From the U.S. healthcare business front,
- Beckers Hospital Review points out,
- “The median hospital operating margin rose to 2% in November after holding steady at 1.6% in September and October, but escalating expenses — including rising drug costs — remain a concern as 2023 draws to a close, according to a Dec. 21 report from Syntellis Performance Solutions, which includes data from more than 1,300 hospitals.
- “U.S. hospitals began the year with a median operating margin of -0.9%, but that figure has steadily increased and looks set to end the year at a healthier level around the 2% mark in December. November was the ninth consecutive month of positive operating margins.
- “While the median hospital margin remains far below pre-pandemic levels, it has shown significant progress in recent months as hospitals continue their recovery after more than a year of negative results.
- The Wall Street Journal reports,
- “Drug company Bristol-Myers Squibb struck a $4.1 billion deal to buy RayzeBio in a bet on a re-emerging cancer drug technology.

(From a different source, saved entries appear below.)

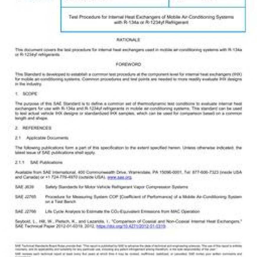 The purpose of this SAE Standard is to define a common set of thermodynamic test conditions to evaluate internal heat exchangers for use with R-134a and R-1234yf refrigerants in mobile air-conditioning systems. This standard can be used to test actual vehicle IHX designs or standardized IHX samples, which can be used for comparison based on a common length and shape.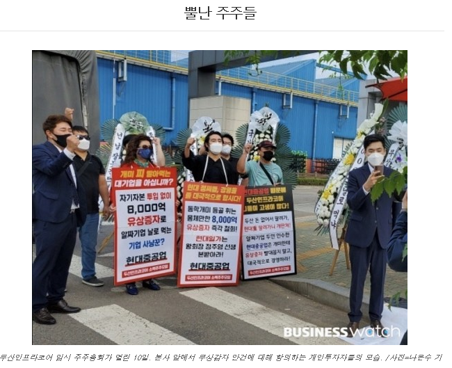 현대중공업이라는 뿔난 주주 모습이 보입니다.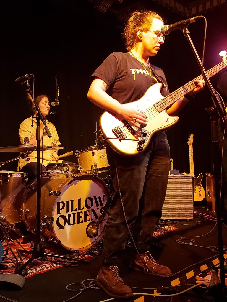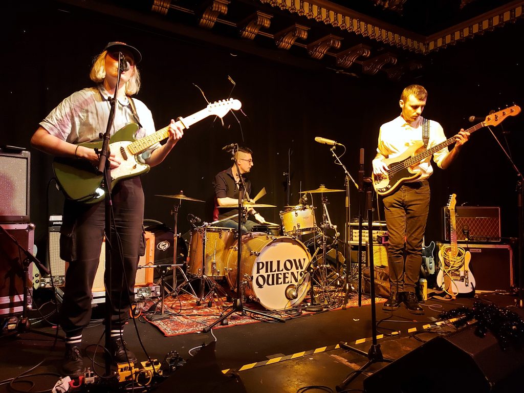 The support band were Glasgow’s Teose, a 3-piece were who clearly delighted to be onstage supporting Pillow Queens. A trio comprising a drummer and two guitarists their sound was a combination of garage guitars, a thumping bass and a drummer who couldn’t stop smiling. Half way through their set the lead singer had to replace her guitar string but the improvisation by the other two kept the audience throughly entertained. It felt seamless and the crowd were fully appreciative. The guitars were sharp and smooth when required and the shift in pace midtrack showed a real confidence to mix up the pace. By the end of the 30 minute set the crowd were converted to Tesose.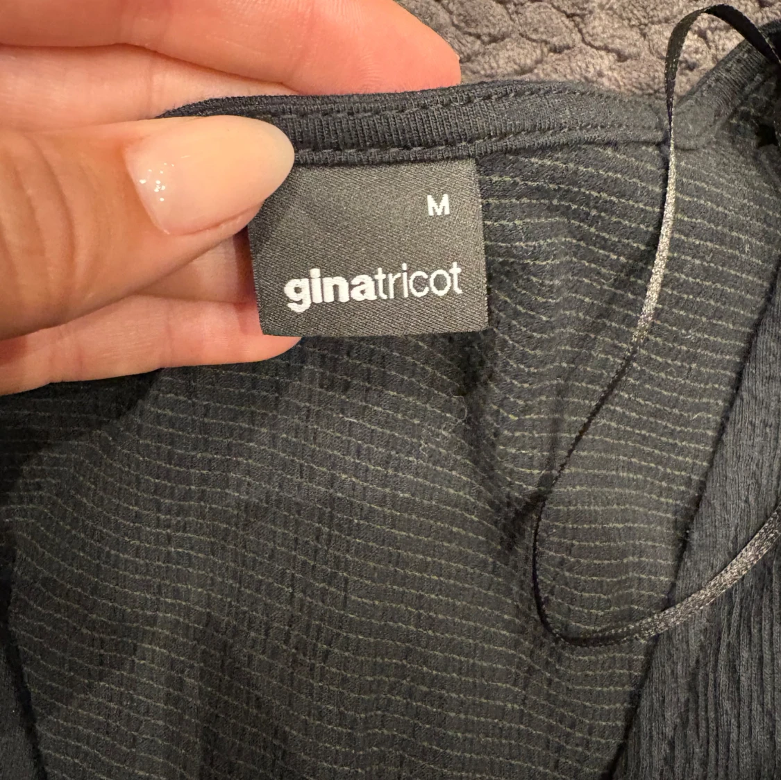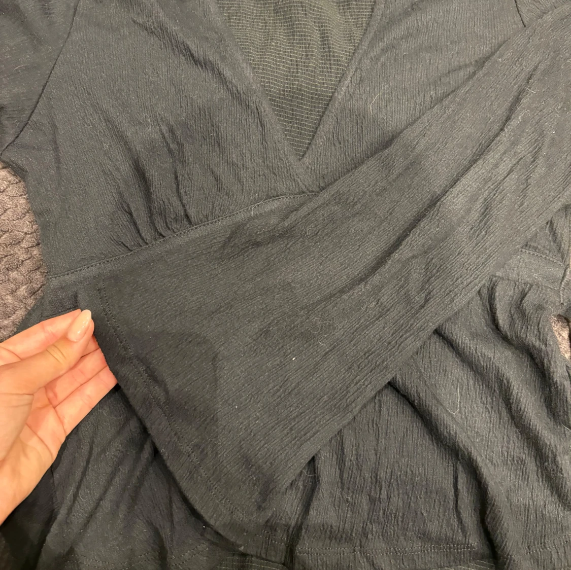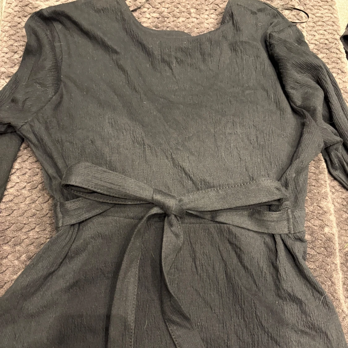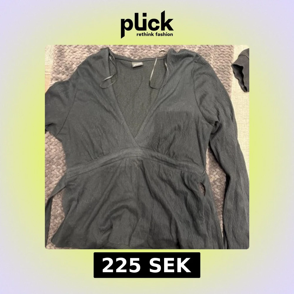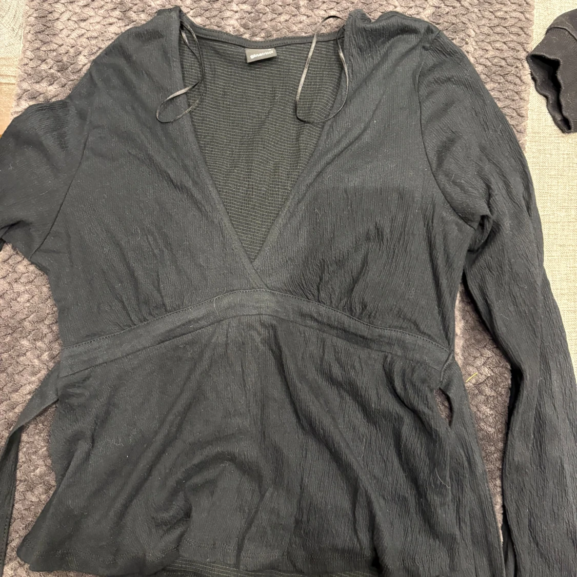 Svart omlottblus från Gina Tricot med v-ringning och långa ärmar. Blusen har knytband i midjan och är tillverkad i ett lätt, strukturerat tyg som ger en snygg och avslappnad look. Perfekt att styla med jeans eller kjol.

- “RayzeBio develops radiopharmaceutical drugs, which use targeted forms of radiation that are delivered directly to cancer cells. Earlier products using the technology struggled commercially, but further research led to another wave of promising therapies that can attack tumors while limiting damage to surrounding healthy cells. * * *
- “Bristol said the RayzeBio deal is slated to close in the first half of 2024.”
- and
- AstraZeneca has agreed to buy Gracell Biotechnologies for a transaction value of $1.2 billion, as part of the former’s efforts to grow its cell therapies business.
- The acquisition will help grow AstraZeneca’s pipeline of cell therapies for potential treatment of cancer and autoimmune diseases.
- The transaction is expected to close in the first quarter of next year, AstraZeneca said.